Cristina Figueiredo, editora de política
da SIC | Expresso (curto)
Marcelo Rebelo de Sousa não tem
tido agenda pública nos últimos dias; talvez tenha tirado uns dias de férias (em Monte Gordo, segundo
atestam diversas testemunhas e abundantes selfies nas redes sociais).
Mas estar de férias, no caso do Presidente da República, não significa deixar
de trabalhar (“estar adormecido não é o mesmo que estar a dormir”, como diria
Camilo José Cela): desde domingo, enviou felicitações à seleção feminina de
futebol e palavras de solidariedade aos seus homólogos da Grécia e de Itália,
evocou um escritor falecido, promulgou uma lei do Parlamento e três decretos do
Governo e… largou uma mini-bomba sobre a pacatez estival de um país à beira da
Jornada Mundial da Juventude (cinco dias em que “nothing else matters”) ao vetar
o diploma do Governo sobre a progressão na carreira dos educadores de infância
e dos professores dos ensinos básico e secundário. Afirma Marcelo que o texto
até tem “aspetos positivos – alguns dos quais resultantes de aceitação de
sugestões da Presidência da República”, mas o que ele não compreende é que o
articulado feche definitivamente a porta à possibilidade de recuperação dos 6
anos, 6 meses e 23 dias de tempo de serviço congelados desde os anos da troika,
ainda para mais criando uma disparidade de tratamento entre os professores do
continente e os das ilhas (onde os Governos Regionais já acordaram em lhes
devolver, progressivamente, a integralidade do tempo de serviço).

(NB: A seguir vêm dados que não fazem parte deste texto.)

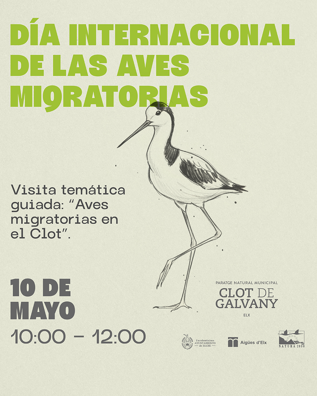 Hora de inicio 10:00, duración 2h. Visita temática guiada: “Aves migratorias en el Clot”. Los monitores guiarán al visitante a través de un paseo por el paraje destinado a observar, identificar y estudiar la conducta de las aves migratorias que nos visitan en esta época, muchas de las cuales llegan con intención de reproducirse, por lo que es posible que se observen “paradas nupciales”, nidos y quizás los primeros pollos de las aves más “madrugadoras”. Las observaciones durante la visita permitirán entender cómo se adaptan las aves a su entorno y el sentido de las migraciones como sistema de adaptación. Se facilitarán prismáticos y guías de aves a los que no posean este tipo de material, y los monitores portarán telescopios para facilitar la observación.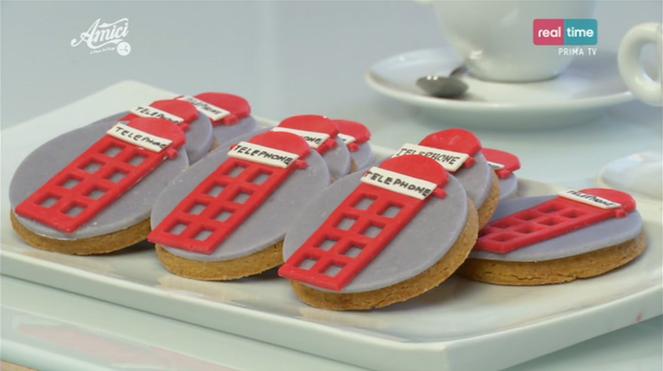 Per la decorazione: ricoprite un lato del biscotto con la pasta di zucchero. Per la base della cabina telefonica ricavate un rettangolo rosso con dei quadrati più piccoli all’interno. Fate il tetto della cabina con un coppapasta tondo e uno quadrato. Realizzate la base dell’insegna con un rettangolo in pasta di zucchero bianca e la scritta con un pennarello alimentare nero. Adagiate la cabina telefonica sul biscotto.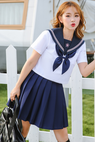 桜モチーフの校章が本格的♪紺×白のミニ丈半袖セーラー服コスプレ。清純な白ブラウスにネイビーカラーのプリーツスカートを合わせた定番デザインで、襟には2本の白ライン入り、フロント布には愛らしいピンクの桜が咲き誇る♪初々しさと清潔感を感じさせる可愛いセーラー服です。※こちらの商品は受注発注商品の為、ご注文から発送までに1〜2週間掛かる場合が御座います。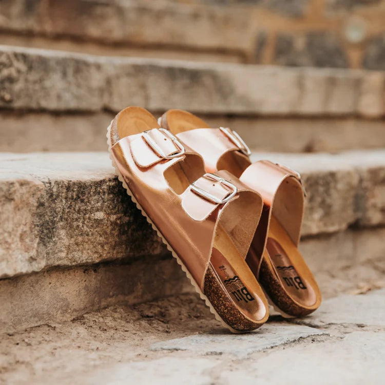 Sandalia de piel cómoda BIO 2 hebillas Bronce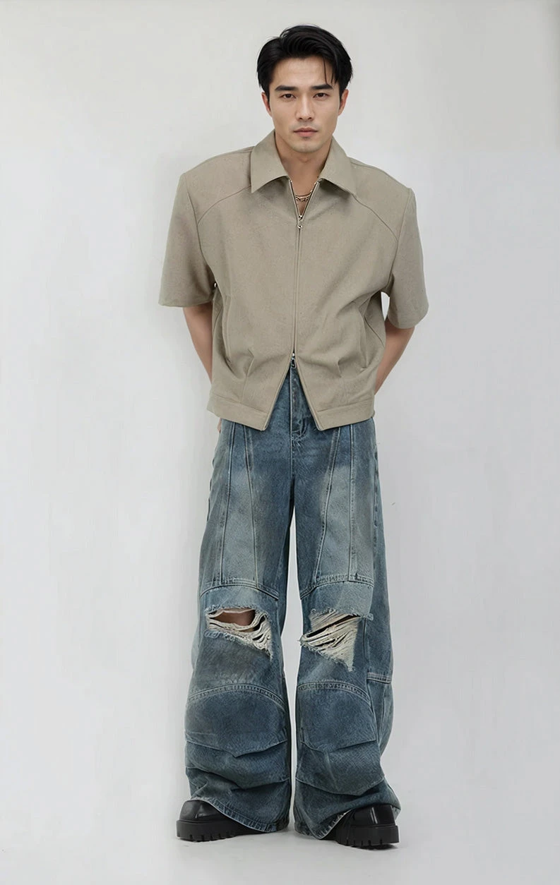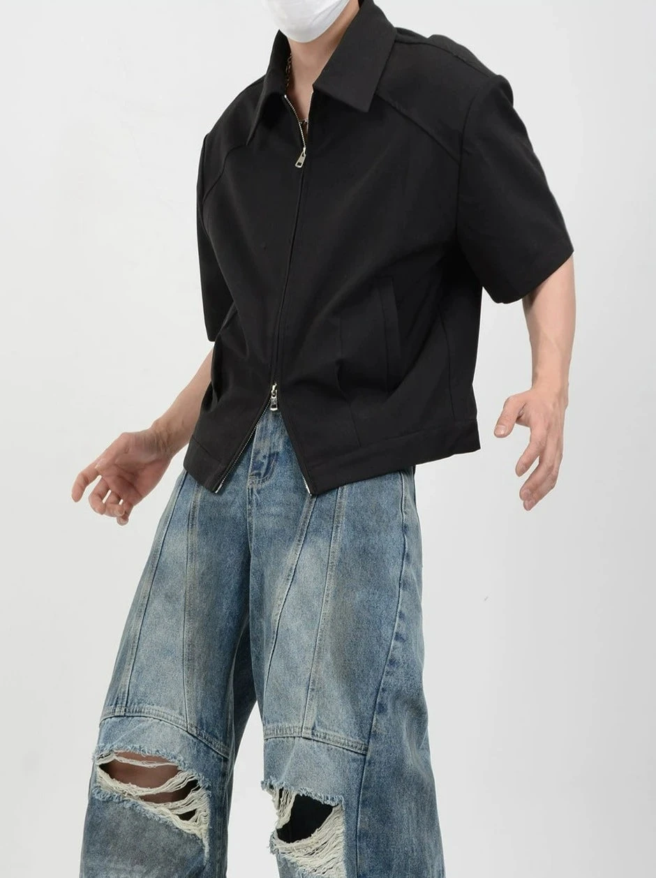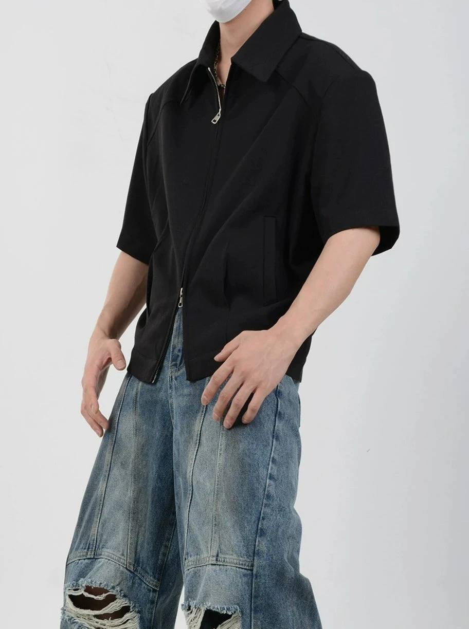 Meet the epitome of effortless style with our Half Sleeve Zip-Front Collared Shirt—a versatile staple for the modern man.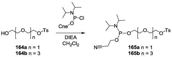 Synthesis of tosyl di- and tetra-ethyleneglycyl (2-cyanoethyl) N,N-diisopropyl phosphoramidites 165a–b. Cne: 2-cyano-ethyl.
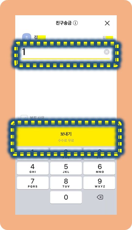여기서 송금을 원하는 금액을 입력해주신 후, 보내기를 눌러주도록 해요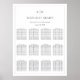 Poster de Gráficos de Assentos de Mesa de Casamento Mínimo Elegante Preto e Branco. Todos os textos estão pré-organizados para que você personalize fácil e rapidamente com seus próprios detalhes.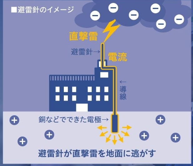 直撃雷の被害を防ぐための設備が避雷針。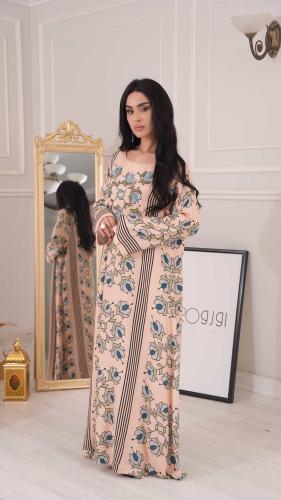 جلابية طويلة بلون أسود وبيج بنقشة عصرية ولمسة راقية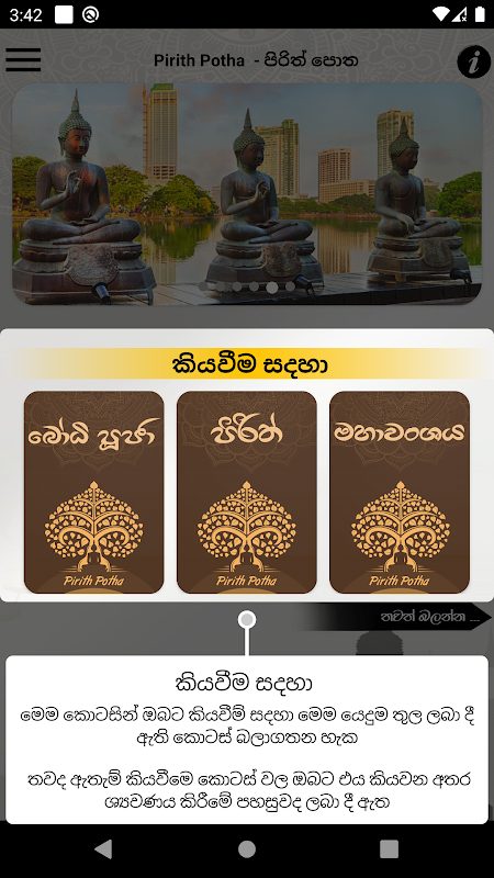 This app is designed to listen and read Pirith and Bodhi Pooja.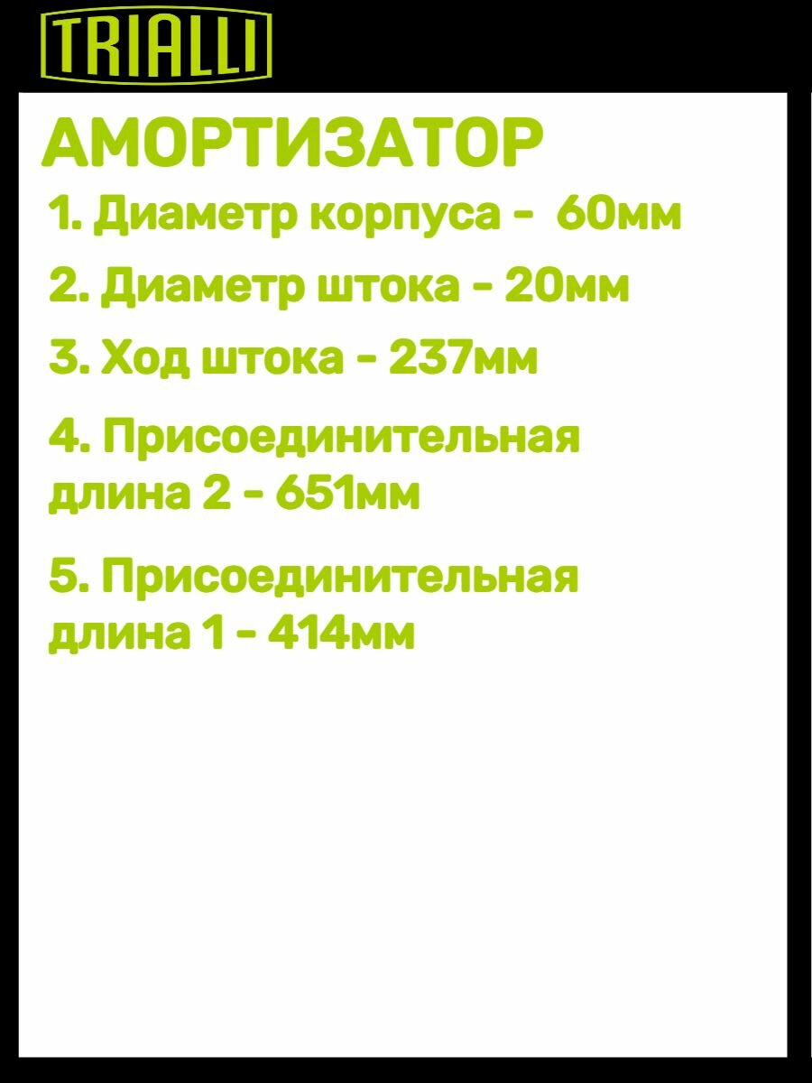 Амортизатор TRIALLI AH 06001 для ZIL 5301 играет ключевую роль в обеспечении комфорта и безопасности во время движения: гасит колебания кузова и предотвращает его раскачку на неровностях, что улучшает управляемость и стабильность автомобиля.Преимущества амортизаторов подвески TRIALLI:Многоуровневая система обработки штока, что повышает его износостойкость.Хромированное покрытие для защиты от коррозии и увеличения срока службы.Многокромочное сальниковое уплотнение, обеспечивающее надежную герметизацию.Полностью автоматизированная сборка поршня для высокой точности.Специальное масло высокой степени очистки с комплексом присадок для оптимальной работы в любых условиях.Соответствие международным стандартам обеспечивает высокое качество.TRIALLI — это российская инженерно-маркетинговая компания, специализирующаяся на производстве автокомпонентов для легковых и грузовых автомобилей. С момента своего основания в 2005 году компания ставит перед собой цель повысить надежность автозапчастей, ориентируясь на качество, доступность и доверие потребителей. Продукция TRIALLI соответствует международным стандартам и регулярно проходит контроль в собственной лаборатории.Для достижения максимальной эффективности амортизатора TRIALLI AH 06001 рекомендуется регулярно проверять его состояние и заменять при первых признаках износа или утечки масла.
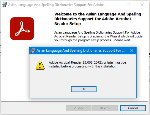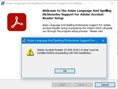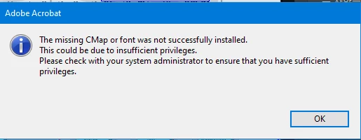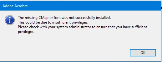 홈페이지에서 'AcroRdrALSDx64_2300820421_all_DC' 파일을 받아도 아래 사진처럼 폰트 설치가 안됩니다.

“Os professores, tal como os
profissionais de saúde, têm e merecem ter uma importância essencial na nossa
sociedade e em todas as sociedades que apostam na educação, no conhecimento, no
futuro”, argumenta o Presidente, para quem “não foi por acaso que países
exemplos de liderança na educação o foram”: “Escolheram os melhores e
pagaram-lhes aquilo que não pagavam a tantos outros e respeitáveis
trabalhadores do setor público, mesmo de carreiras especiais”. Marcelo insiste
(e com a insistência segue um recado clarinho para o reputado taticista
político que é António Costa): “Apostar na educação é mais do que pensar
no curto prazo, ou em pessoas, situações, instituições, do passado próximo ou
do presente, ou calcular dividendos políticos”. E mais uma vez, não
vá dar-se o caso de os destinatários não terem percebido cabalmente a
mensagem: “Não há nem pode haver comparação entre o estatuto dos
professores, tal como o dos profissionais de saúde, e o de outras carreiras,
mesmo especiais. Governar é escolher prioridades. E saúde e educação são e
deveriam ser prioridades se quisermos ir muito mais longe como sociedade
desenvolvida e justa”.
Da esquerda à direita, a oposição foi unânime em saudar o veto presidencial,
que entende como uma maneira de o Governo (a começar no primeiro-ministro que,
no já longínquo ano de 2019, chegou a ameaçar demitir-se caso a Assembleia da
República aprovasse, como quase aconteceu, o descongelamento total do tempo de
serviço suspenso desde os anos da troika) ter mesmo de voltar atrás e devolver
aos professores a esperança que este diploma, tal como está, lhes tira. Costa,
ao que o Expresso apurou, foi avisado pelo próprio Presidente do
veto quando estava a embarcar, em Timor, de regresso a Lisboa. Até esta hora
não se lhe conhece - nem a ele, nem ao Governo, nem ao PS - qual foi a reação.
Mas é factual que está perante um dilema: ou dá o braço a torcer ou prolonga a luta com os
professores (que marcou, de maneira indelével, o último ano letivo). E, já
agora, é bom que estenda o raciocínio às negociações com os médicos (que
terminam hoje mesmo uma greve de três dias mas que ameaçam voltar à luta na
próxima semana). Marcelo já deixou claro: professores e médicos não são, nem
devem ser olhados como, funcionários públicos iguais aos outros.